Из этого можно было заключить, что Стасис, доехав до Каунаса, где ему предстояла пересадка, познакомился с какими-то пассажирами и еще до отъезда «на Дальний Восток» написал это письмо. Но в таком случае он должен был опустить его в почтовый ящик еще до отъезда, то есть в Каунасе. Но оно было отправлено не из Каунаса, так как в этом слове букв «г» и «л» не имеется. Не исключалось, конечно, что, написав письмо в Каунасе, Стасис опустил его позже, уже в пути следования от Каунаса. Так или не так — пока было неизвестно, но знать, когда и где было оно опущено, мне непременно было нужно.
Предстояло опять обратиться за помощью к экспертам. Пользуясь методом цветоразделительного фотографирования, светофильтром или фотографированием в инфракрасных лучах, они смогут узнать, как выглядел штемпель.
Мне еще предстояло выяснить, Стасис ли писал, это письмо. На мой вопрос, уверена ли она в том, что письмо написал ее сын, Елена ответила: не сомневается. Хотя почерк сына она не помнит. (Елена окончила только три класса сельской школы и рукописный текст читала с трудом.)
По моей просьбе женщина разыскала и передала мне ученическую тетрадь, в которой Стасис записывал расходы своей маленькой зарплаты.
На обложке тетради очень старательно было написано: «Дневник расходов Жибуркаса сына Кастуса. Начат в марте месяце 1946 года».
Познакомившись с записями и сличив их с письмом, я увидел, что почерки разные.
Когда я спросил у Елены, есть ли у нее письма или записи Казимира, она смутилась, но ответила, что ничего подобного у нее нет. Видно было, что говорит она неправду.
Тут-то мне и пришлось рассказать Елене о находке в Румбульском лесу и спросить в конце, была ли у Казимира причина расправиться со Стасисом?
Конечно, нельзя было ждать немедленного ответа. Слишком много неожиданного и страшного узнала она. Я ушел, сказав, что все-таки должен буду вернуться утром и продолжить этот разговор.
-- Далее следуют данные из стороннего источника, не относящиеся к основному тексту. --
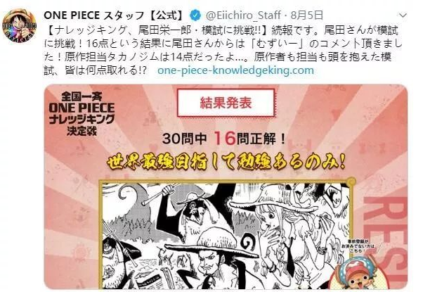 这可不是开玩笑,在2019年IP官网举办的「知识王大赛」中,尾田老师在30题中仅答对了16题,正确率勉强过半。从此,“尾田就是一画漫画的,他懂个屁的海贼”名梗正式出圈。
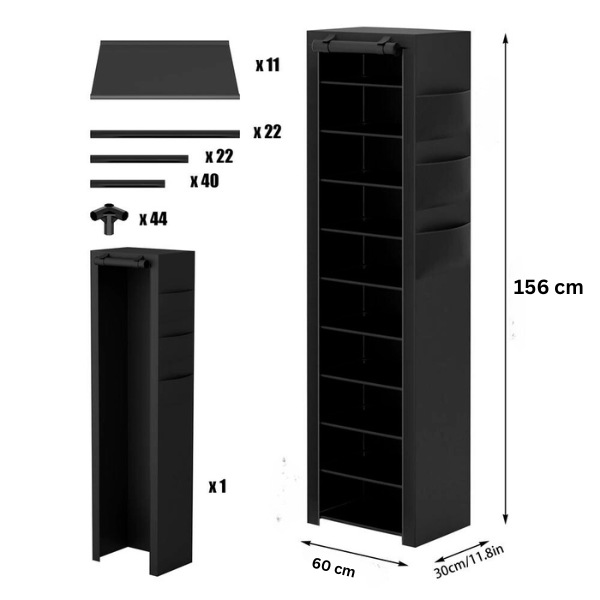 Εξοπλισμένη με ύφασμα ανθεκτικό στη σκόνη και κλείσιμο με φερμουάρ. Αυτή η παπουτσοθήκη διασφαλίζει ότι τα παπούτσια σας παραμένουν καθαρά, προστατεύοντάς τα από σκόνη και βρωμιά.
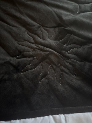 The blanket itself is soft and velvety. I like the suns stitching. I wish it had more colors and design to it. Gold would have made it pop and few more designs. It feels like it’s missing something. It’s a child comforter. It needs more color. I like that black but you really have to look to see the designs that are stitched in.
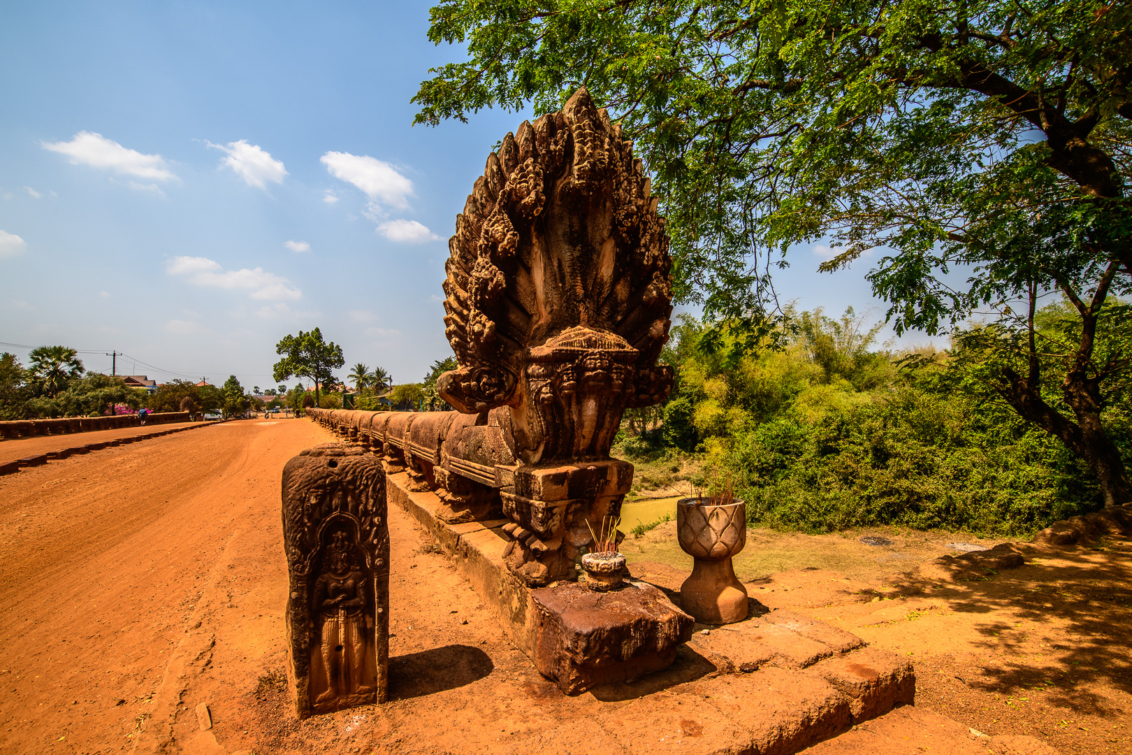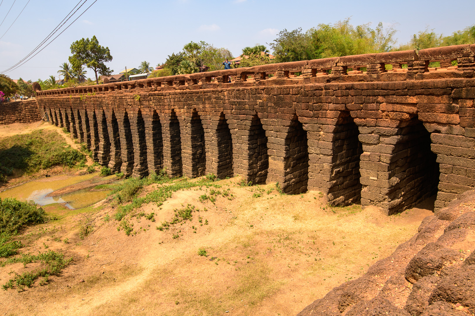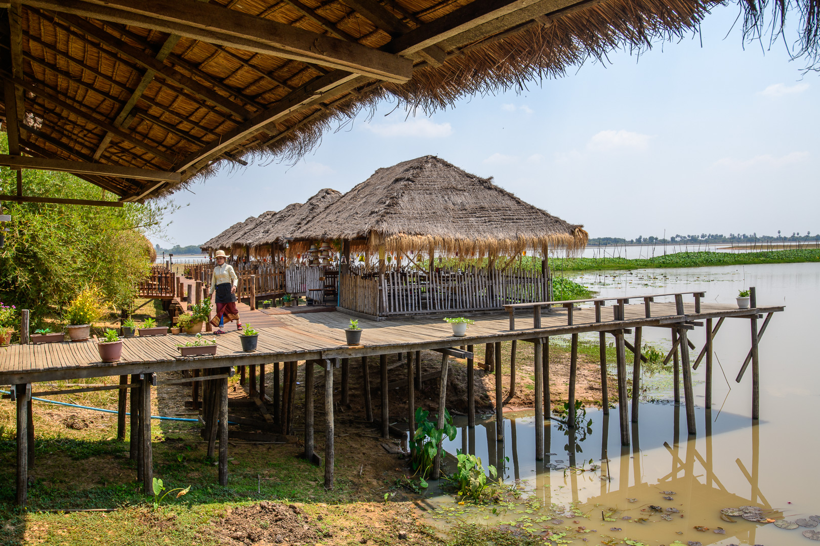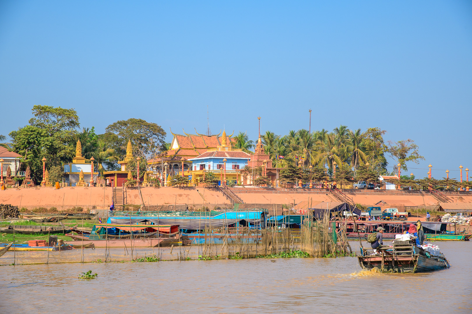 Today we had no delays and not too much traffic but it was a long journey anyway. We stopped at a nice restaurant by a lake for lunch and again later at Kompong Thom to view an ancient Naga bridge. The main attraction of the day was a boat trip on the Tonle Sap, the main lake, from the traditional village of Kompong Khleang. At this time of year the shallow water of the lake looks very muddy and this look transfers itself to the fishing villages built on stilts at the sides of the lake. This does not look very attractive when combined with corrugated iron sheets and plastic used in the house construction. They are still mostly wood of course. The final village which we passed in the boat was actually floating, but we did not approach it very closely, which is perhaps just as well. The nicest building was the Primary School which was painted blue with a big notice outside proclaiming its function. We could even see the little kids at their desks learning.
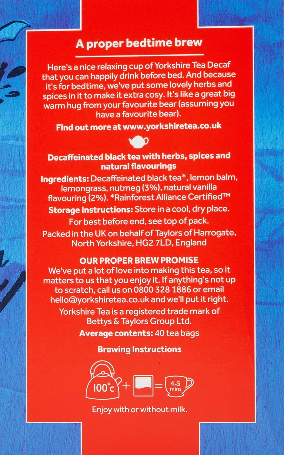 A proper bedtime brew Here's a nice relaxing cup of Yorkshire Tea Decaf that you can happily drink before bed. And because it's for bedtime, we've put some lovely herbs and spices in it to make it extra cosy. It's like a great big warm hug from your favourite bear (assuming you have a favourite bear).
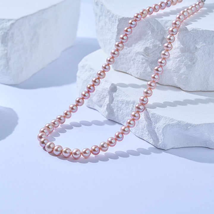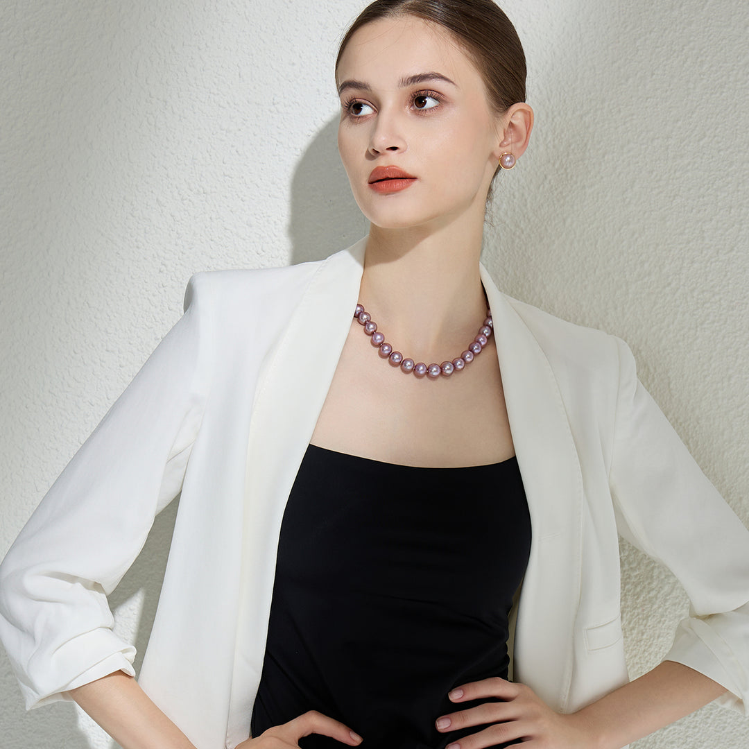 클래식 퍼플 담수 진주 는 크기와 색상이 세심하게 조화롭게 매치됩니다. 목선의 아름다움을 드러내기에 딱 맞는 길이의 진주 목걸이 . 세련되고, 고급스러우며, 클래식합니다. 모든 여성은 이런 진주 목걸이를 가져야 합니다. 정교한 진주, 클래식한 목걸이.
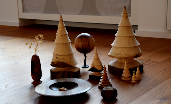 Aktuell erfüllt der Hobbydrechsler wieder einen Wunsch seiner Gattin und stellt Tannenbäume her. Große und kleine, dicke und dünne. Dabei scheut er an der Werkbank auch keine filigranen Arbeiten und zeigt auf ein ganzes Tablett voller Kleinigkeiten, die zwischen 5 und 20cm groß sind. Diese verschenkt Kristina Tillmann-Kreis als „Give away“ zur Weihnachtszeit in ihrem Pilatesstudio.
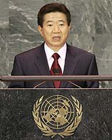 President Roh Moo-Hyum of Korea addresses the 2005 World Summit 14 September 2005 at the 60th session of the United Nations General Assembly in New York. AFP photo by Jeff Haynes.
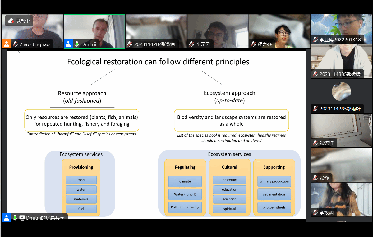 Dmitrii老师的课程围绕湿地和湖泊对人类、气候、水文、以及野生动物栖息地环境的重要性展开。课程的第一部分介绍湖泊和湿地的类型,以及湿地生态系统的功能和作用。第二部分主要讲解湿地的演变过程,包括自然演变和人为影响,介绍了人类行为对湖泊和湿地的影响。最后,介绍了湿地的保护和恢复,以及维护湿地功能的基本方法和思路。
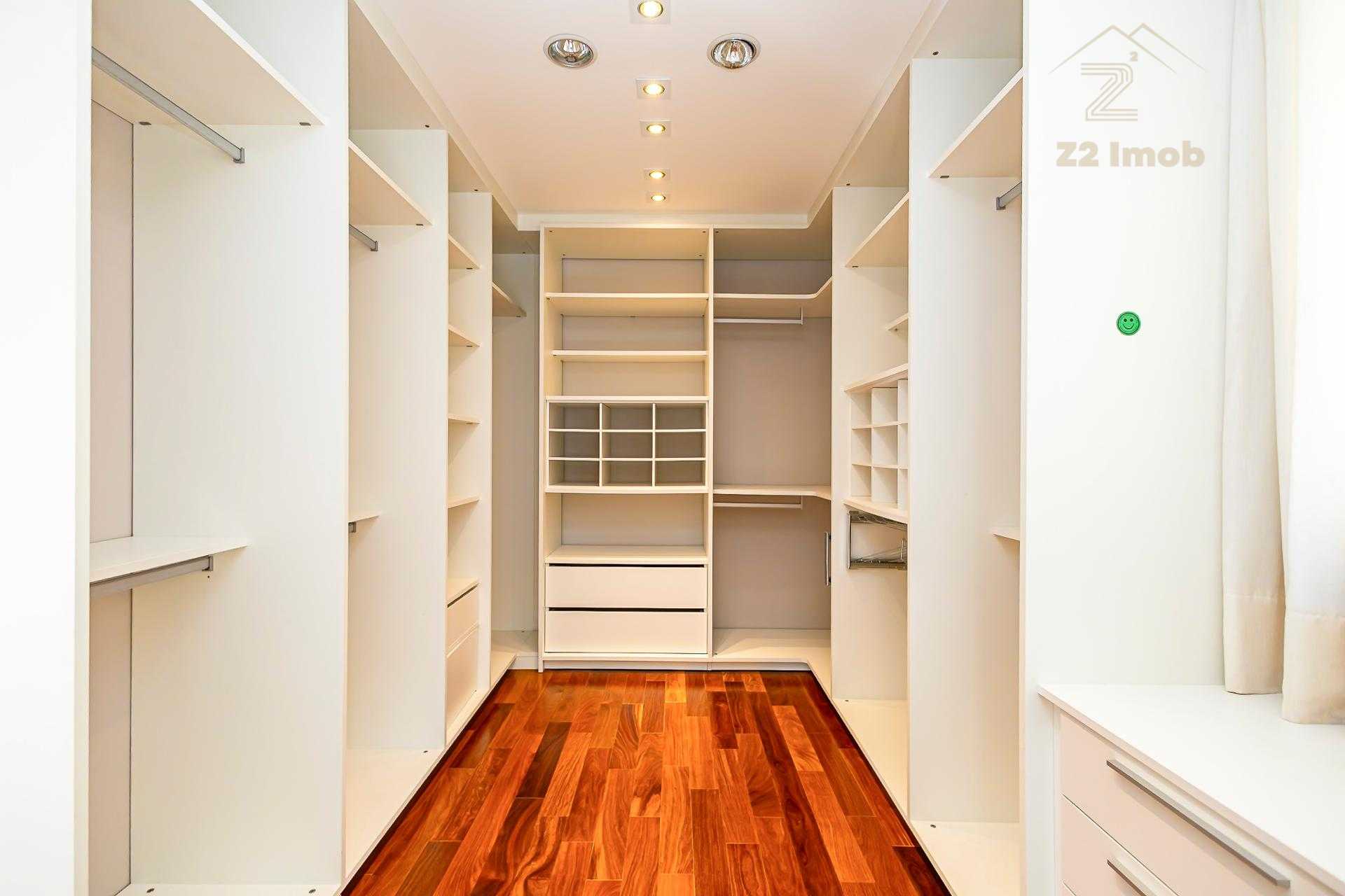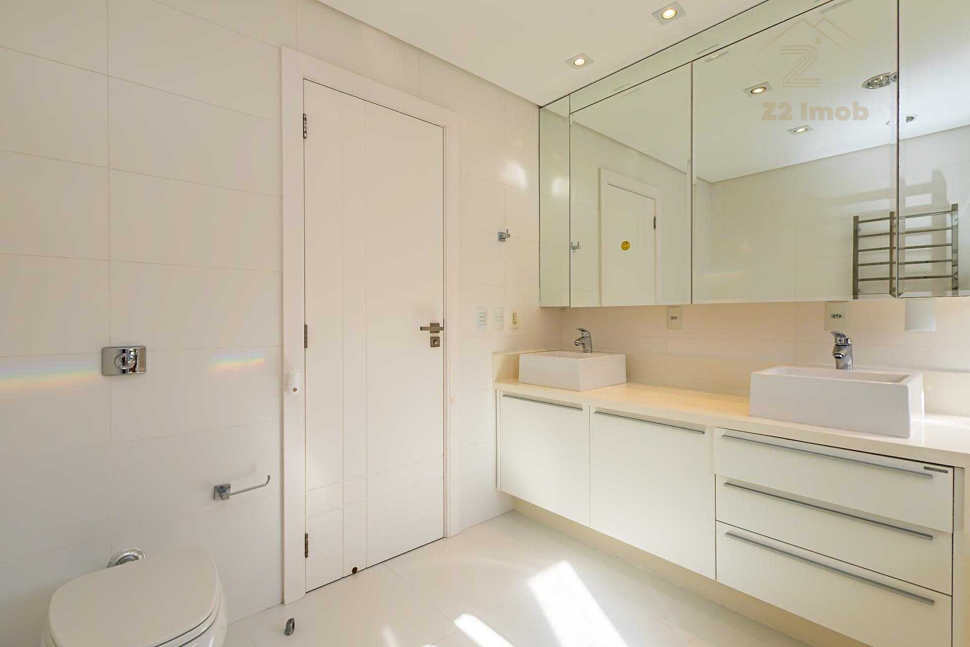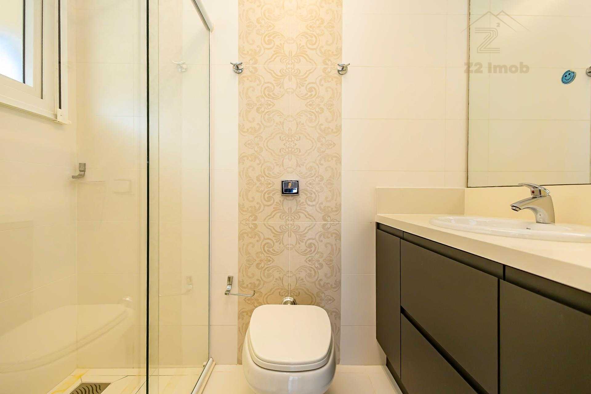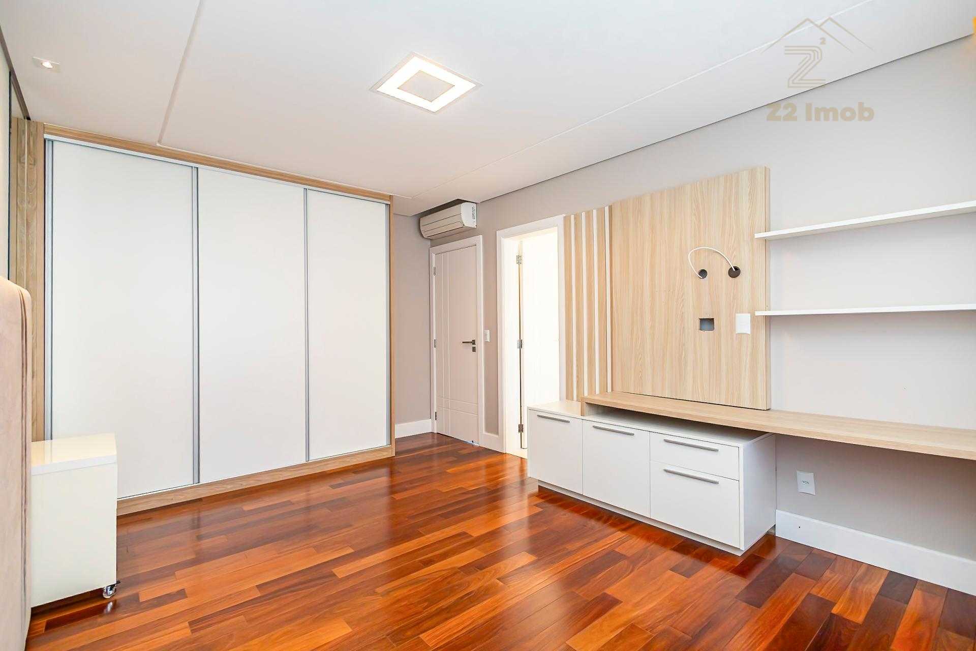 Ainda no térreo, há um lavabo e um dormitório climatizado, versátil para home office ou hóspedes.
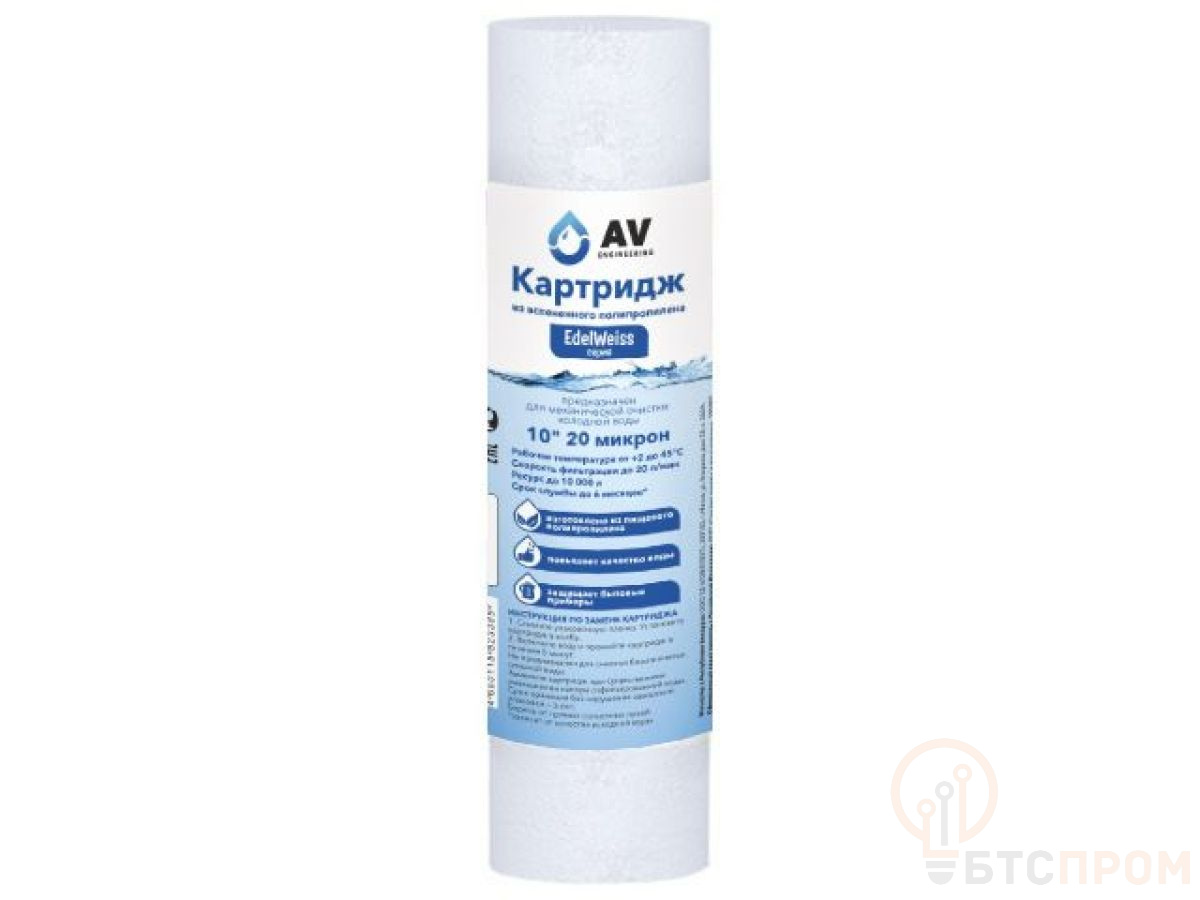 Картридж из вспененного полипропилена 10" 20 микрон, AV Engineering (Картридж механической очистки. шк уп.4650118823457) AVE119P1020EW
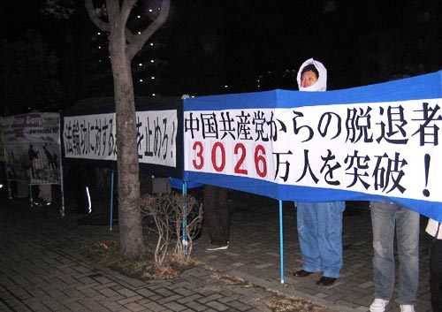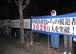 当天是日本入冬以来气温最低的日子,风也很强,天空还不时飘着雪花,但是法轮功学员们不畏寒冷,精神饱满的打着横幅“法轮大法好!”“停止迫害法轮功”以及标着三千万退!党!人数的大横幅,吸引着过往路人的关注。
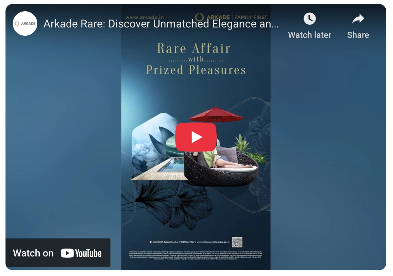 Arkade Rare - A premium residential development in Bhandup West, Mumbai, offering luxurious 2 & 3 BHK apartments designed for modern urban living. With contemporary architecture and thoughtfully planned spaces, this project blends sophistication, comfort, and convenience. Located in a prime neighborhood, Arkade Rare features world-class amenities, including a state-of-the-art gym, swimming pool, landscaped gardens, and a children's play area. Every residence is crafted for style and functionality, ensuring a refined living experience for families.
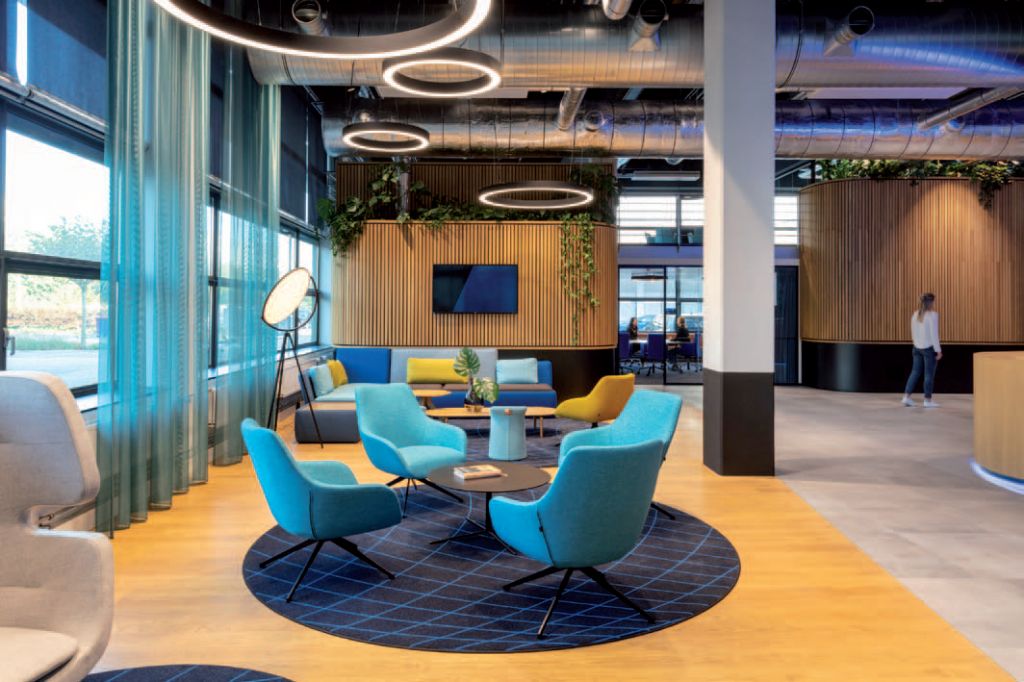In het nieuwe kantoor voor technologiebedrijf EVBox stond duurzaamheid centraal. De Amsterdamse ontwerpstudio D/DOCK koos daarom voor een ecologische wandbekleding van de houtspecialist Carpentier als blikvanger.

На следующий день дверь мне открыла старушка — тетка Елены. Я вошел и увидел Елену. Она стояла посредине комнаты и, видимо, ждала меня. Лицо ее осунулось, появились морщинки, а под глазами легли темные полукружья. Наверно, она не спала в эту ночь.
Меня поразил ее взгляд, полный решимости.
Извинившись за то, что вынужден вновь беспокоить, я спросил, не хочет ли она что-нибудь добавить ко вчерашнему. Без колебания, словно давно уже подготовившись, Елена произнесла:
— Да. Хочу...
Оказывается, настоящая фамилия ее мужа — Ляудис. Когда он после войны переехал к ней, то у него уже была фамилия Повилонис. Чем это было вызвано, она не знает. Он сказал, что так нужно, и она об этом больше никогда не спрашивала. Чем занимался Ляудис-Повилонис в городе, она не знает — ни разу там не была. Но однажды сын вернулся из мастерской сильно расстроенным. Оказалось, что один из рабочих, увидев Стасиса на улице вместе с Казимиром, спросил его на другой день, откуда он знает этого человека. Услышав от Стасиса, что это — его отчим, рабочий крепко выругался и сказал: «Знай же, что твой отчим — панский холуй и фашистская собака!».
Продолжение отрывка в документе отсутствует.